Изо всех сил сдерживая сжигающее его желание, Зак наблюдал
за прелестным лицом, где, как в зеркале, отражались все те чувства, которые она
испытывала от его изощренных ласк. И при каждом стоне, который срывался с ее
губ, при каждом беспокойном движении головы, при каждой судороге наслаждения,
которая пробегала по ее телу от малейшего прикосновения, его переполняла
невыразимая, почти мучительная нежность. Горячая и влажная, она открывалась ему
навстречу, но Зак продолжал сдерживаться, позволяя пока только пальцам
проникать внутрь. Джулия обвила руками его плечи, и ее тело сотрясала
безостановочная дрожь. Это внезапно напомнило Заку о тех словах, которые он
смутно слышал сегодня утром.
— Дрожь — это хорошо, — прошептал он, неторопливо проникая
все глубже и глубже. — Дрожь — это очень, очень хорошо.
Плоть под его изучающими пальцами казалась такой непривычно
узкой, что Зак на мгновение испугался, что он слишком велик для нее и не сможет
войти в нее, не навредив и не причинив боли.
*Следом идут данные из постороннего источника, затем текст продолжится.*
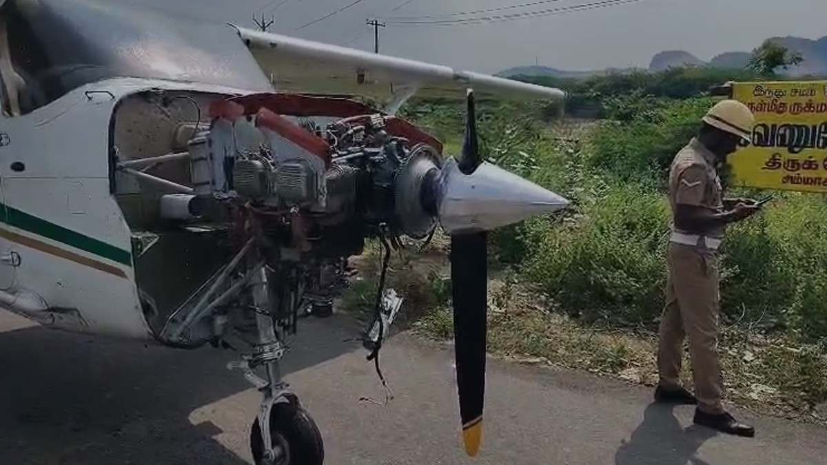 புதுக்கோட்டை மாவட்டம் நார்த்தாமலை அருகே உள்ள அம்மா சத்திரத்தில், சிறிய ரக விமானம் ஒன்று தொழில்நுட்பக் கோளாறு காரணமாக தரையிறக்கம் செய்யப்பட்டுள்ளது. விமானத்தின் பாகம் சேதமடைந்ததால் அந்த விமானத்தை ஓட்டி வந்த விமானி சாதுரியமாக செயல்பட்டு விமானத்தை தரையிறக்கியுள்ளார்.
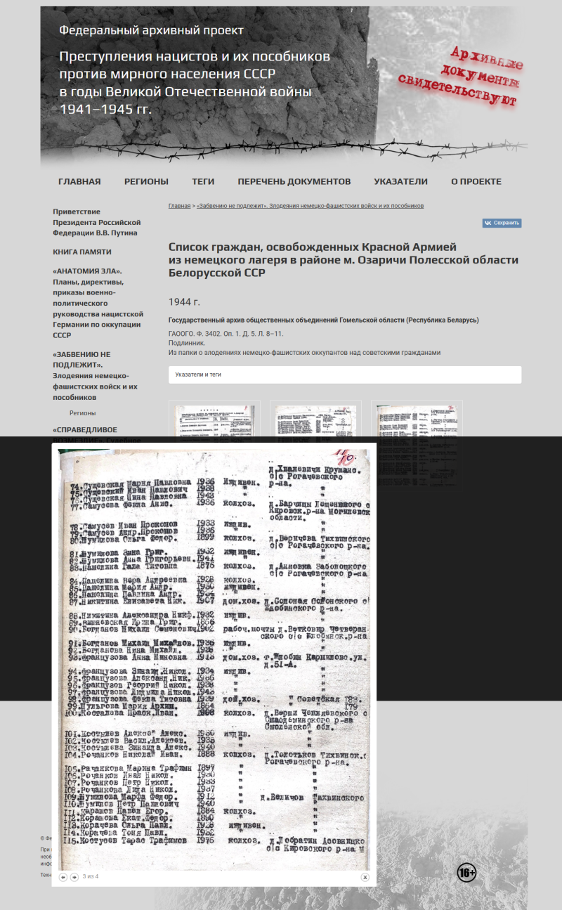 В начале 1944 года линия фронта проходила на территории Беларуси вдоль рек Днепр и Березина. Красная армия продолжала успешное наступление. Фашисты придерживались тактики выжженной земли, уничтожали всю инфраструктуру, а гражданское население гнали в прифронтовую зону. 10 марта 1944 года был создан концлагерь “Озаричи”, в который в короткий срок согнали: стариков, нетрудоспособных женщин, детей. Сам концлагерь «Озаричи» состоял из трёх оборудованных концлагерей, построенных на редколесье и заболоченной территории. «Озаричи» был единственным лагерем, где мирное население содержалось в болоте в холодное время года, без крова, тепла и пищи, а узников преднамеренно заражали тифом. Они питались тем, что сумели спрятать, а также — мхом, найденными на болоте ягодами клюквы. Узникам запрещалось разводить костры не только ночью, но и днем. Правда, иногда замешенный на опилках хлеб доставляли немцы. За 9 дней в "Озаричи" было согнано более 50 тысяч мирных жителей. В живых осталось 34 тысячи. Из них: 16 тысяч детей, 13 тысяч женщин, около 5 тысяч стариков. Погибло около 15 тысяч (подтвержденные данные, по неподтвержденным больше 17 тысяч). Более 7 тысяч были заражены тифом, часть из них в ближайшее время после освобождения умерли. Многие погибли при освобождении, т.к. фашисты заминировали подходы к лагерю и разбросали при отступлении еду и одежду на минном поле. Голодные и холодные люди сами бежали на мины. Бежали к советским солдатам. В течение двух дней 18-19 марта 1944 года войска 18-го корпуса Самарской 65-й армии 1-го Белорусского фронта освободили из Озаричских лагерей 34 110 человек, из них — 15 960 детей в возрасте до 13 лет, в том числе — 517 сирот, 13 072 женщины и 4448 стариков. Среди спасённых были и грудные дети. Более трехсот человек из числа освобождённых узников имели пулевые и осколочные ранения.
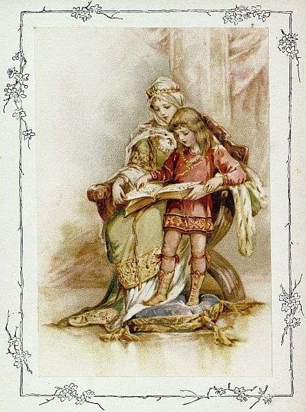 Like most great men, this King Alfred had a good mother. She used to read to him, when he was little, out of a great book with gold and precious stones on the cover, and inside beautiful songs and poetry. And one day she said to the young princes, who were all very fond of being read to out of this splendid book—
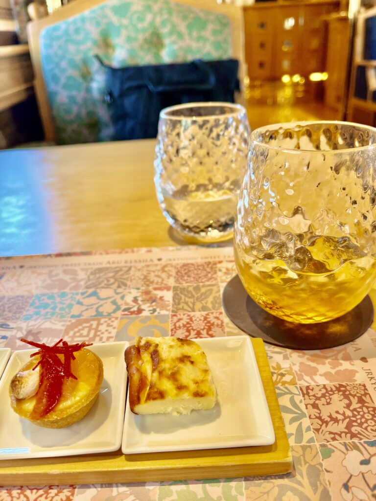 ミニスイーツ。左から、抹茶わらび餅(これは写ってませんね)・甘酸っぱいタルト・バスクチーズケーキ。飲み物は梅酒のロック。美味しな。
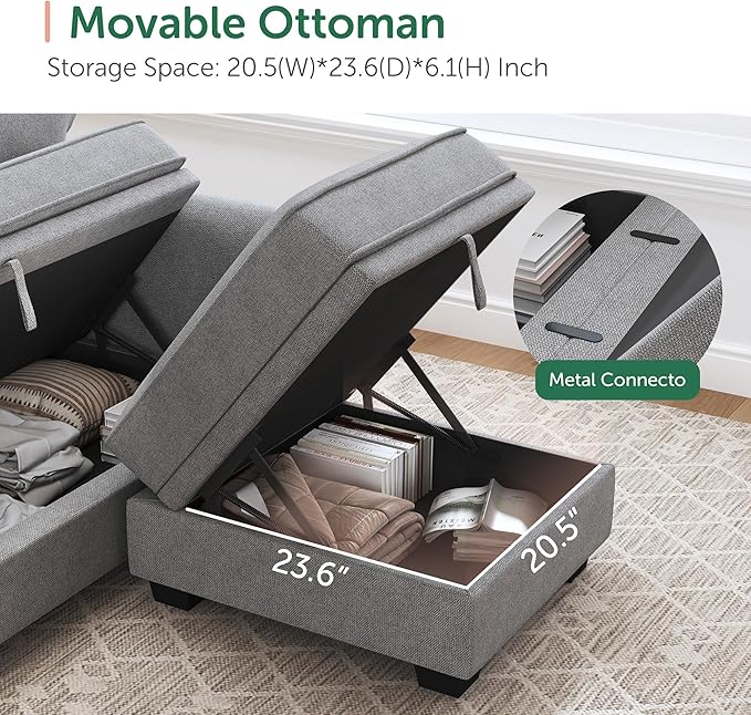 - Hidden Storage Space: The storage space under each seat of the sectional sofa can not only store children's toys, but also store blankets and remote controls, making the room look neat and clean
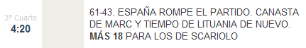 Faltando 4:20 para terminar el 3er. cuarto, Marc Gasol ponía el partido 61-43 y Marca en su minuto a minuto decía:
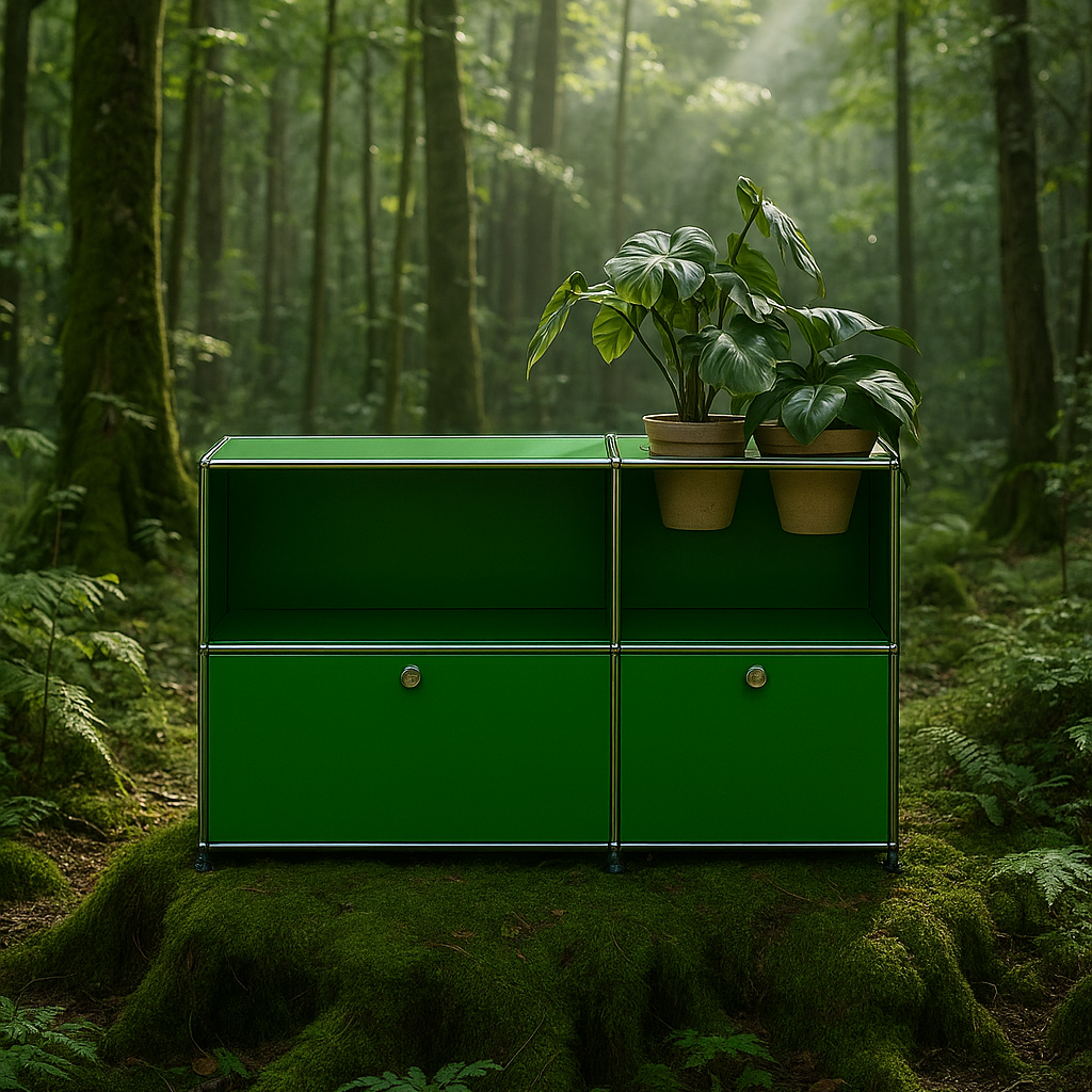 Entdecken Sie das gebrauchte USM Haller Regal in sattem Grün – ein hochwertiges, modulares Designmöbel, das durch klare Linien und glänzende Metallverbindungen überzeugt. Das USM Regal bietet flexible Gestaltungsmöglichkeiten und kann individuell an Ihre Wünsche angepasst werden. Wählen Sie aus allen USM Farben und konfigurieren Sie Ihr Regal nach Maß. Ideal für stilvolle Aufbewahrung im Büro oder Zuhause. Profitieren Sie von langlebiger Qualität und zeitlosem Design zum attraktiven Preis.
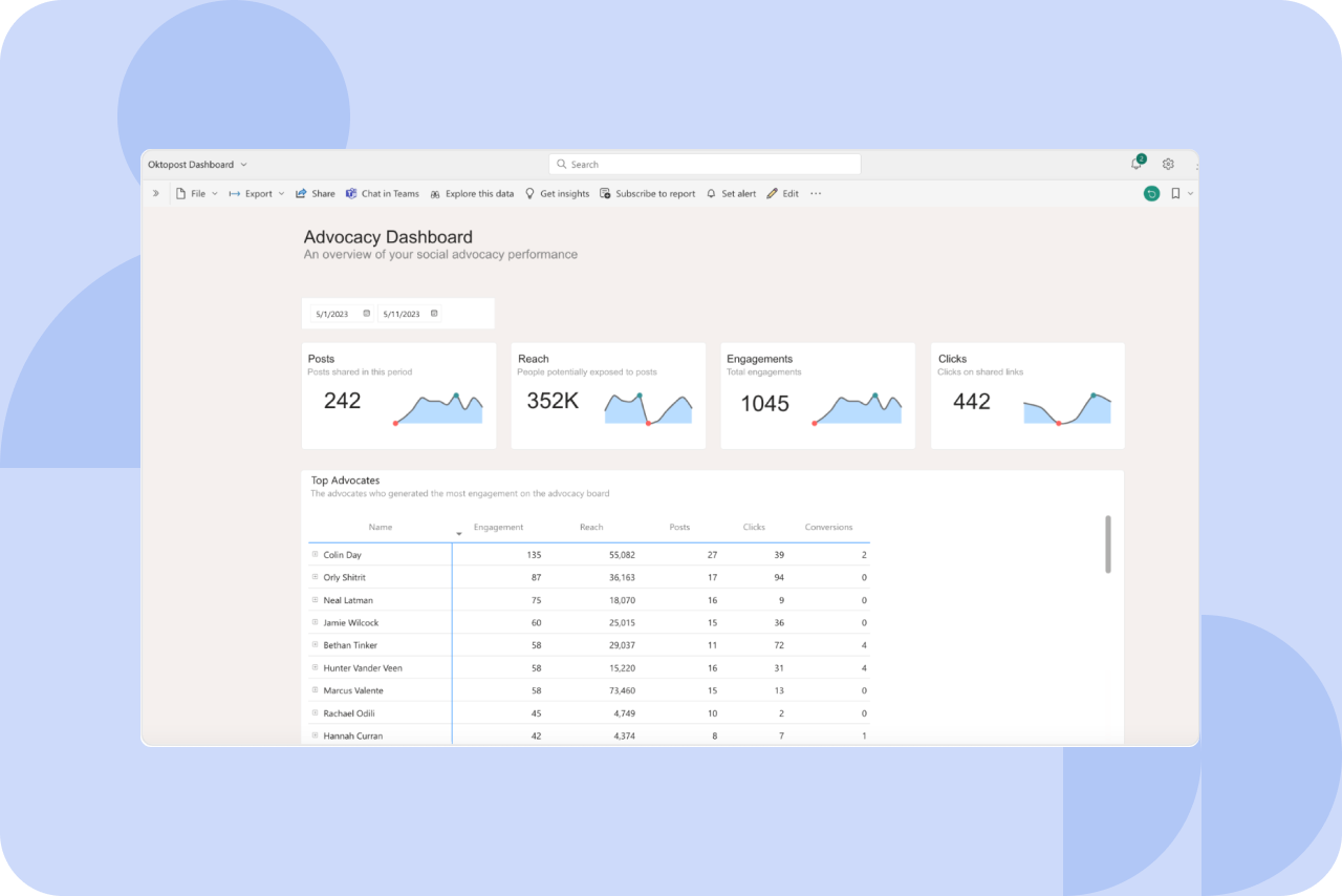 Our integration with Microsoft Power BI enables you to measure and optimize what matters most for B2B. It provides businesses with a comprehensive view of their marketing analytics by seamlessly pulling real-time Oktopost data into Power BI and combining it with other business data.
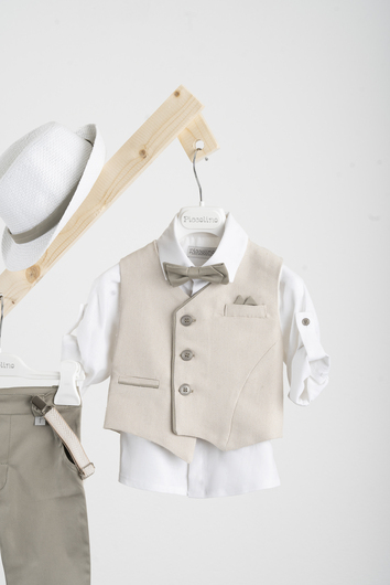 AG25S76.SAGEΒαπτιστικό κοστούμι Piccolino Gustavo σε χρώμα Sage. Περιλαμβάνει γιλέκο asia style σε μπεζ ΄΄ψαροκόκκαλο΄΄, πουκάμισο βαμβακερό λευκό, παντελόνι βαμβακερό σε χρώμα Sage, παπιγιόν μιας κατεύθυνσης με μύτη στο τελείωμα, τιράντες και καπέλο με φάσα. Διαθέσιμο σε 4 μεγέθη 6-12, 12-18, 18-24, 24-36(εξτρά χρέωση)
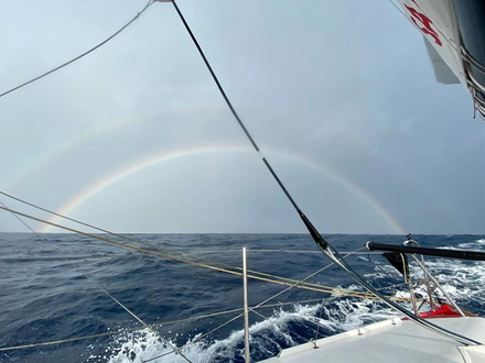 Le Pot au Noir était ... RAPIDE ... pour une fois - je n'ai jamais ralenti. J’ai eu 24 heures de grains qui ont nécessité beaucoup de temps pour gérer le cap, les voiles et leur orientation pour ne rien casser, donc c'était un moment fatigant, j’ai passé deux nuits (presque) blanches. J’ai eu le droit à des éclairs, des coups de tonnerre et… des arcs en ciel. J’ai accumulé beaucoup de fatigue mais la traversée s’est plutôt bien passée globalement
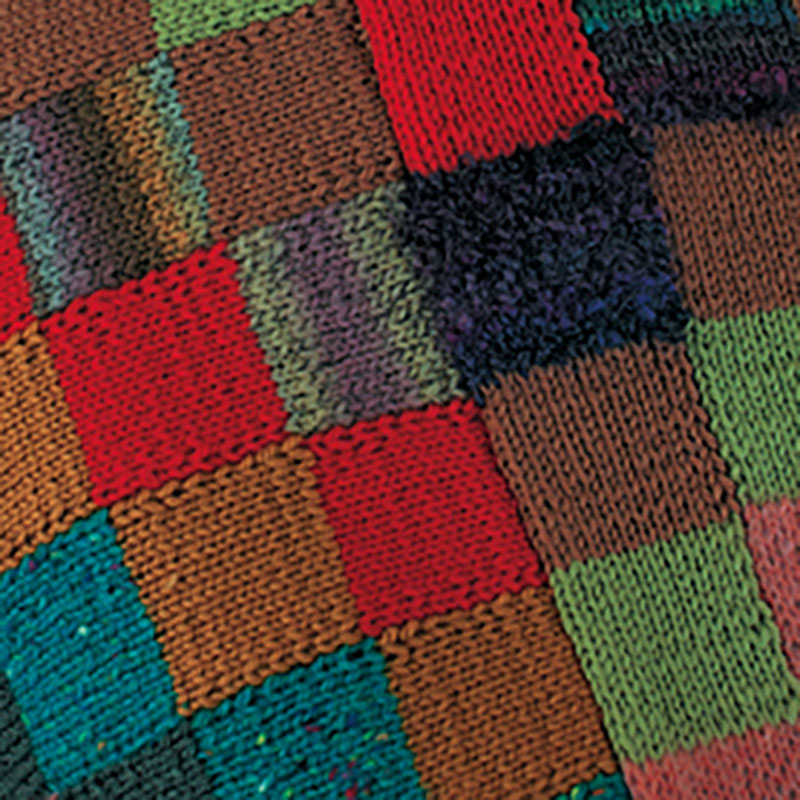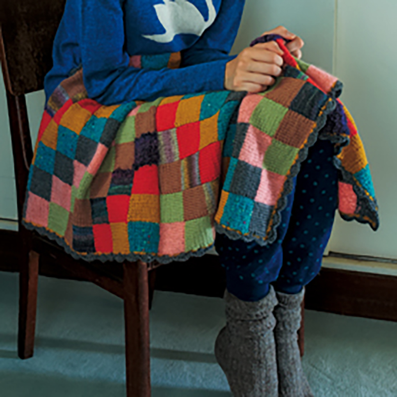 編んで使って楽しくなる、多色使いのパッチワーク風ミニブランケット。四角いピースごとに、縦に糸を渡す方法で編み、最終的に4枚の正方形を中心でつなぎます。縁はかぎ針編みに。
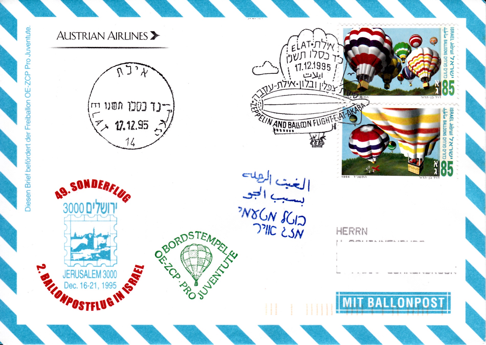 Der 49. Sonder-Ballonpostflug der Österreichischen Pro Juventute mit dem Freiballon OE-ZCP fand am 17.12.1995 in Eilat als 2. Ballonpostflug in Israel statt.

Руки Джулии все смелее гладили его тело и наконец сделали
то, чего он давно хотел и ждал. Но в тот момент, когда ее пальцы наконец
сомкнулись вокруг его возбужденной плоти, бездонные синие глаза вдруг широко
распахнулись и удивленно встретили его взгляд. Если бы ситуация не была настолько
необычной, Зак наверняка бы улыбнулся при мысли о том, что на нее явно произвел
впечатление его «размер». В неровном свете камина она неотрывно смотрела в его
глаза, как будто ожидая какого-то знака, какого-то решения с его стороны, в то
время как ее руки возбуждали его до такой степени, что он был готов кончить в
любую секунду — прямо сейчас, в ее нежной ладони. И в это мгновение ее вторая
рука нежно погладила его скулы и подбородок, как бы пытаясь снять напряжение, а
слова, которые сорвались с ее губ, окончательно свели его с ума:
— Вы стоите, того, чтобы вас ждали двадцать шесть лет,
мистер Бенедикт.
Зак почувствовал, что совершенно утратил контроль над
собственным дыханием. Сжав ладонями разрумянившееся лицо Джулии, он смог лишь
хрипло прошептать:
— О Боже…
Кровь бешено пульсировала в висках, и Зак начал неторопливо
проникать внутрь ее сладкого, горячего, влажного тела, которое охотно принимало
его в себя. Дойдя до хрупкой преграды, он задержал дыхание, приподнял изящные
бедра и рывком погрузился еще глубже. Тело Джулии на мгновение напряглось от
резкой боли, но уже в следующую секунду она открылась навстречу ему, как
цветок, как бы умоляя не останавливаться и двигаться дальше. Чувствуя, что
может кончить в любую секунду, Зак продолжал сдерживать себя и двигаться как
можно медленнее, но это стало совершенно невозможным, после того как она начала
двигаться вместе с ним. Остатки самообладания улетучились вместе с желанием
продлить этот акт как можно дольше Закрыв рот Джулии жадным поцелуем, он начал
двигаться все быстрее и быстрее, стараясь довести ее до оргазма скорее, чем это
произойдет с ним. На это не потребовалось много времени — вскоре Джулия издала
сдавленный крик, впилась ногтями в его спину, и по ее телу начали одна за
другой пробегать ничем не сдерживаемые волны дрожи. Еще выше приподняв ее
стройные бедра, Зак погрузился в нее как можно глубже — он испытывал
непреодолимую потребность зарыться в нее, слиться с ней, когда то же самое
произойдет с ним. Оргазм был настолько сильным, что он протяжно застонал и
продолжал двигаться и двигаться, как будто это могло избавить его от горечи
прошлого и неопределенности будущего. Но наконец, когда каждая его нервная
клеточка отозвалась на сильное и давно забытое ощущение, по его телу пробежала
последняя судорога, и он почувствовал себя совершенно обессиленным И
опустошенным.
Заставив свое ставшее внезапно вялым и непослушным тело
откатиться на бок, он тем не менее так и не разъединился с ней окончательно.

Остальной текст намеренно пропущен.